ERRORS, RESTORED FILES, BUT CAN’T OPEN/EDIT/DELETE FILES W/O MOD WINDOWS PERMISSIONS

WITH RESTIC 0.16.5

restic16 -r MyBackup restore dbe0d2df --target C:/users/REDACTED/desktop/RestoreRestic16
repository d0216eb6 opened (version 2, compression level max)
[0:00] 100.00%  2 / 2 index files loaded
restoring <Snapshot dbe0d2df of [E:\nero] at 2024-09-17 22:46:35.0567189 -0500 CDT by Win11-VM\REDACTED@Win11-VM> to C:/users/REDACTED/desktop/RestoreRestic16
Summary: Restored 14 files/dirs (5.858 MiB) in 0:00

NO ERRORS, SUCCESSFUL RESTORE, ACCESSIBLE FILES

This seems to happen mostly from files that were backup from the network. E:\ is a mapped network drive. However, I did test with files straight from the system and also got similar errors.
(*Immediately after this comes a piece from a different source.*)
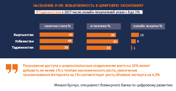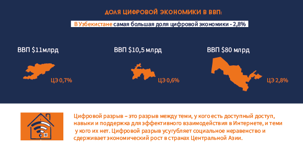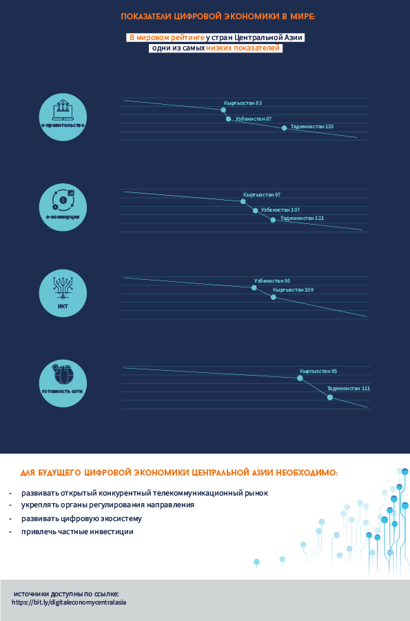 «В ИКТ входят мобильная связь, инфраструктура, финансовые технологии (POS, e-wallets, терминалы, безналичные расчеты, майнинг, биткоин). Село, в котором есть терминалы, автоматически становится частью цифровой экономики. Но ничего не будет, если не будет электричества. Если мы хотим сравнить страны Центральной Азии, самое важное в цифровой экономике – это интернет. Если слабый, то все остальные индикаторы будут слабыми», – объясняет эксперт.
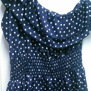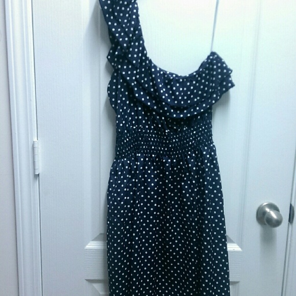 Cute boutique polka dot one shoulder dress. Hardly worn. Pet and smoke free home. Original owner. I'm 5'6" and it hits just above my knees.

In the case below, I back up my pictures folder, and here’s what I get when I restore:

WITH RESTIC 0.17.1

restic -r MyBackup restore latest --target "C:/restored"
repository d0216eb6 opened (version 2, compression level max)
[0:00] 100.00%  3 / 3 index files loaded
restoring snapshot 43e802d4 of [C:\Users\REDACTED\Pictures] at 2024-09-17 23:02:00.359676 -0500 CDT by Win11-VM\REDACTED@Win11-VM to C:/restored
ignoring error for \C\Users: UtimesNano: Access is denied.
Summary: Restored 11 / 12 files/dirs (1.469 MiB / 1.469 MiB) in 0:00
Fatal: There were 1 errors

It’s very strange and it’s keeping me from totally upgrading to 0.17.0. Anyone experiencing this? I was thinking it was my NAS and the file permissions on it. But then I ran a test with a fresh repo and only backup files directly from the system itself and still got access denied errors. No errors at all with 0.16.5.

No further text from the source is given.